My first-ever real paying job was as an usher at a movie theater on Long Island, where for $1.85 an hour (minimum wage in those days) I had the pleasure of asking customers whether they wanted to sit in "balcony or loge?," in addition to sweeping popcorn, quieting noisy patrons and shining mirrors.

Not only that but I watched Stanley Kubrick’s "A Clockwork Orange" 57 times, which may well hold a spot in Guinness’ Book of Records. So you could argue I have first-hand experience in hard work and cheap pay.

So in light of recent events I kind of sympathize with the folks at the Securities and Exchange Commission.

Now I’m pretty sure they make more than $1.85 an hour, but with the White House recently doing their best Siegfried and Roy impression in making the agency’s proposed funding increase virtually disappear, I would not be at all surprised to hear that some SEC staffers are donning ill-fitting black jackets, skinny bowties and carrying flashlights in search of a new career.

Well maybe it’s not that drastic, but you do have to wonder how far down corporate fraud has fallen in terms of White House priorities. Basically, Dubya had promised the regulator an impressive 77 percent rise in funding for 2003, to $776 million. Not bad for an entity suffering from an acute lack of manpower and whose salary levels reportedly are below those of other government agencies. The commission had fallen far behind in its reviews of financial statements and in addition, needs extra funding for the Public Company Accounting Oversight Board – estimated to be in the neighborhood of $25 million.

But the President suddenly did a U-turn somewhere along Pennsylvania Avenue and trimmed the proposed increase to about $568 million, claiming that other expenditures such as those earmarked for the military and the war on terrorism had taken precedence over the SEC’s fiscal needs.

As expected, the funding slash brought out the usual cast of cynical suspects (primarily Democrats), questioning the administration’s commitment to pursuing corporate reform.
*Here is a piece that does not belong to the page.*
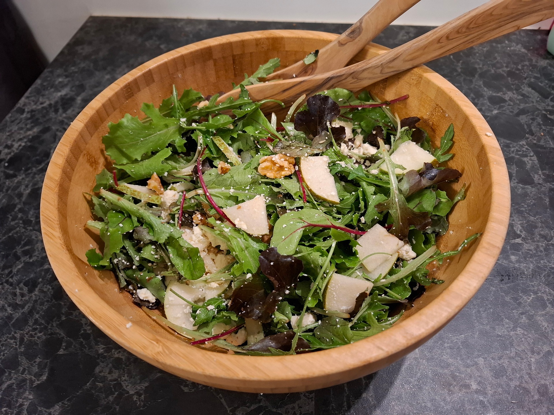 - Was indien nodig de sla en doe deze in een slakom. Was en snijd de peer naar voorkeur en verdeel deze over de sla.250 gr slamix, 1 peer

And this time they may have a point.

In a climate where the average investor now regards a prospectus with the same disdain as a traffic summons, it probably would go a long way toward restoring confidence in the public markets if one of America’s watchdogs wasn’t operating, literally, on an austerity budget. Next year will be a landmark year with regard to corporate reform, once the effects of Sarbanes-Oxley have been fully felt throughout the profession and the PCAOB is in full operation.

Trust me, it’s no fun to watch the same movie over and over.

Commission chairman Harvey Pitt needs to tell President Bush to show him the money.